Home › Forums › Orient Excess: Is this really the People's Republic? (the rise of China's nouveaux riches)
I recently read an article in the January '07 issue of Marie Claire I wanted to share with you. (If anyone wants a copy, let me know and I can bring it to the next seminar). It was especially interesting, considering our China reading had been about the huge difference between the lower class and the upper class in China, and the effects this has on the peasants (lower class). This article, by contrast focused on the lifestyles of the extremely wealthy.
I would like to highlight some of the article's key points:
1)The building of personal wealth is a relatively new concept in China. When Deng Xiaoping took over the country's leadership after Chairman Mao's death in 1976, he uttered the words "getting rich is glorious" and focused on boosting an economy that had suffered under the years of Mao's hardline rule. In the 30 years since then, the Chinese people have rapidly embraced capitalism and private enterprise.
2)China now has the second-largest economy in the world-- it is now home to 500,000 millionaires. But in a country of more than 1.3 billion, the gap between rich and poor has never been wider. According to the United Nations, the wealthiest fifth own more than half of China's assets and the poorest fifth, less than 5 percent.
3)After phasing out collectivized farming in the 1970s, millions of the country's rural workers were set adrift, and may now subside on part-time and low-paying jobs.
4) The state-owned press agency Xinhua reported that the country's income gap has reached a critical level: Unless it narrows within the next five years, social stability will be at risk.
5)Many of China's new millionaires could not have developed their wealth without the help of the Communist Party, which treats the country as its personal fiefdom. (An air-conditioning king whose fortune is estimated at $340 million says, "If you don't bribe in China you won't get any business orders from the government."
The article has anecdotes that describe that on the land where the land peasants used to work in their fields growing wheat there are now super-rich people living in their French-inspired fantasy homes. The article ends with a description of Lam Sai-wing's golden toilet... Have you heard about the solid gold toilet that has become a tourist attraction where 300 buses stop daily? It is ironic that after decades of poverty and famine, a toilet has become a symbol of hope and prosperity!
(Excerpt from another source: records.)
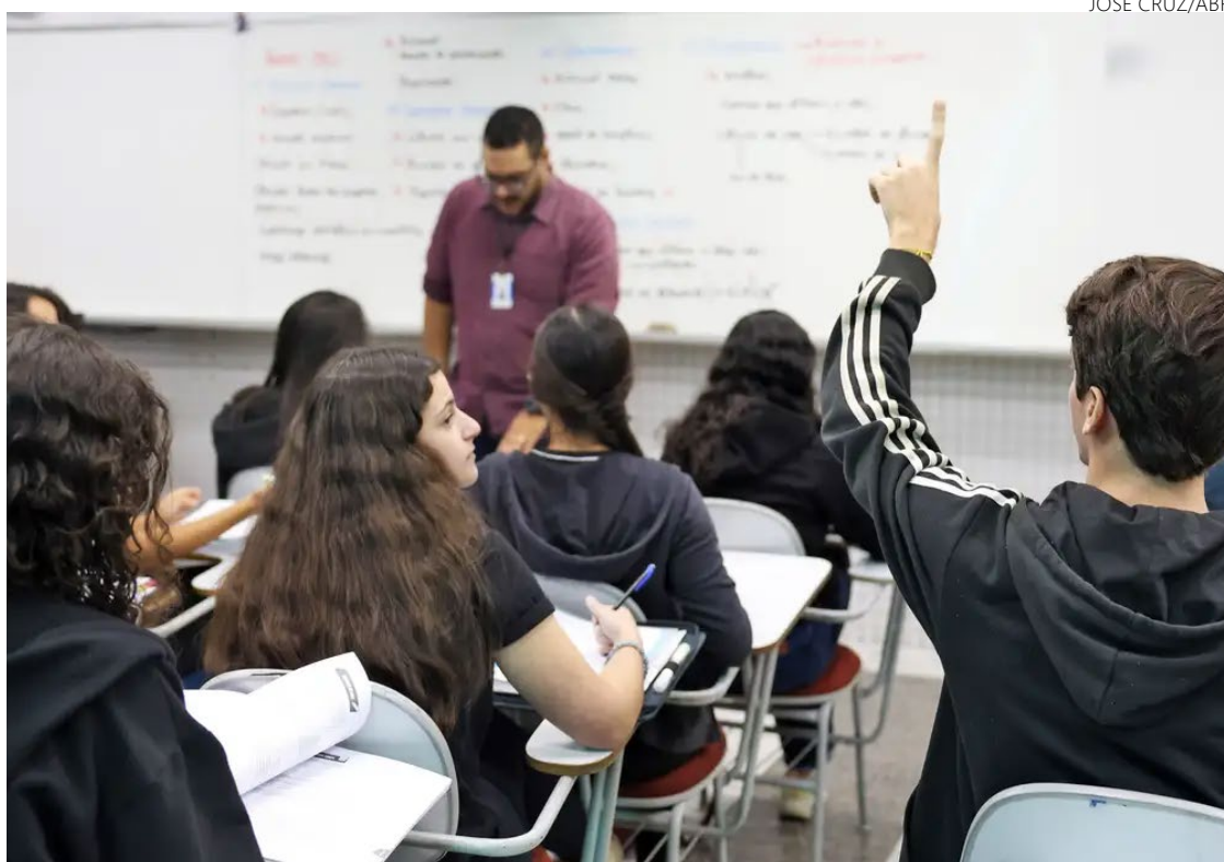
Dados informam que 4,3 milhões de candidatos foram inscritos para o exame

Todas as redes estaduais do país registraram médias na re-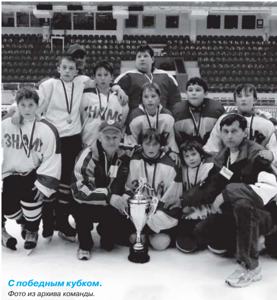
С победным кубком.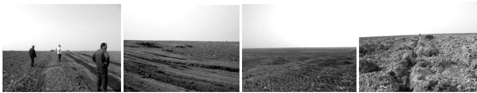
(d) Izgled površine zemljišta pre i posle završetka rada mašina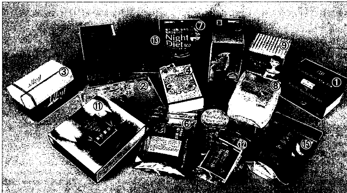
写真2. テスト対象銘柄

インターネットの通信販売及び大手ドラッグストア等で購入可能な銘柄を中心に、「キャンドルブッシュ」「ゴールデンキャンドル」「ハネセンナ」「カッサア・アラタ」が原材料一覧の上位に記載されているティーバッグタイプの健康茶15銘柄をテスト対象としました(写真2、表1)。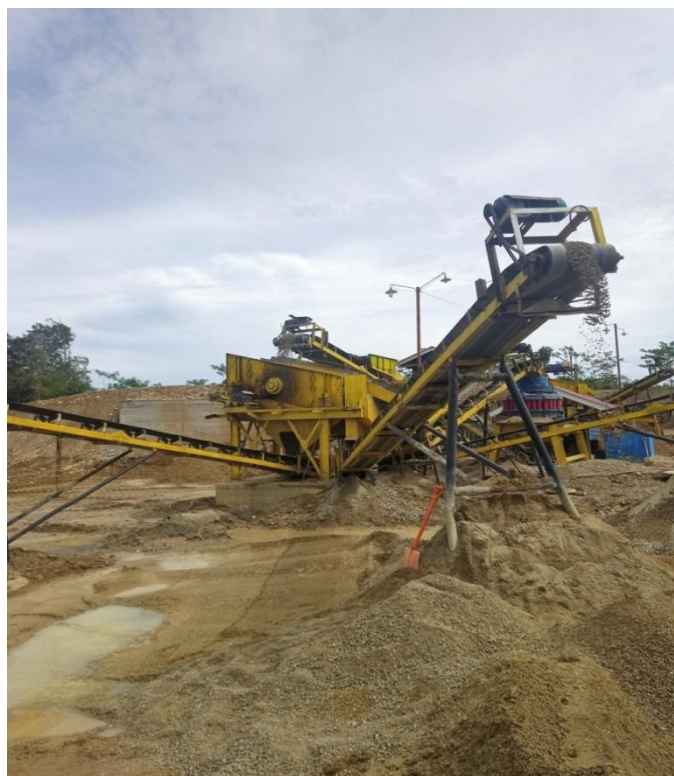
Gambar 3. Mesin stone crusher yang sedang dalam tahap perbaikan

Seperti halnya cuaca tidak ada yang tahu kapan turun hujan dan kapan cuaca tersebut cerah. Akan tetapi pada setiap proyek biasa mempunyai hasil prediksi cuaca. Dikarenakan perubahan cuaca ini material juga bisa datang terlambat ke lokasi pekerjaan sebab jalanan sangat licin. Seperti yang telah kita ketahui bahwa perjalanan untuk mengambil material sangatlah terjal dan harus melewati gunung-gunung. Jika keadaan hujan para pembawa material harus berjalan hati-hati. Sudah sering sekali terjadinya mobil angkutan material terbalik di jalanan gunung apalagi dengan muatan yang berat. Sedangkan yang terjadi di lapangan juga sangat lumayan mempengaruhi, seperti tidak bisa menghampar material atau aspal. Dan juga jalanan yang becek bisa membuat mobil pengangkut material tersangkut di lumpur dan akan membutuhkan waktu untuk menariknya.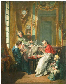
Le Déjeuner. François Boucher. 1739. Musée du Louvre, Paris. R.F. 926.

Kate after traveling to China the descriptions you gave from the article ring really true. When I was traveling there I made a list of the ying and the yang of China. There are so many opposites. You see a modern high rise and cranes everywhere with neon and glitz. Then around the corner or under your luxury hotel is a hovel or a building falling apart. I was never sure if the builiding was being destroyed or just falling apart. There is so much commercialism and wealth and on the other hand poverty and struggle. My trip to China just sparked my interest in China. That is why I am enrolled in the seminar again. There is so much to learn. I am so curious to see what evolves in China in the next century.
Kate, I love your posting! Having visited China twice now, I can safely say that
toilets is right up there as far as something that makes me take a pause about China’s emergence to economic leadership. I believe in the “de-briefing meeting” I said that it seemed to me China had gone from zero to a hundred in large leaps from zero to twenty-five, then straight on to fifty, to seventy-five, and finally a hundred without realizing all of the numbers in between. They have huge televisions that cover buildings but not enough adequate housing for their people or something we consider so basic, toilets! Even when toilets are available, one cannot flush paper down it as it will clog the drains (if there is any paper to use at all.) Freeways and high-rises are springing up like wild flowers but, there are no rules for driving. And certainly transportation for all of the Chinese people is a huge dichotomy. One can see everything from horses, to bicycles, mopeds, cars, and busses on the Chinese freeways. This too is one of the things about China that gives me pause.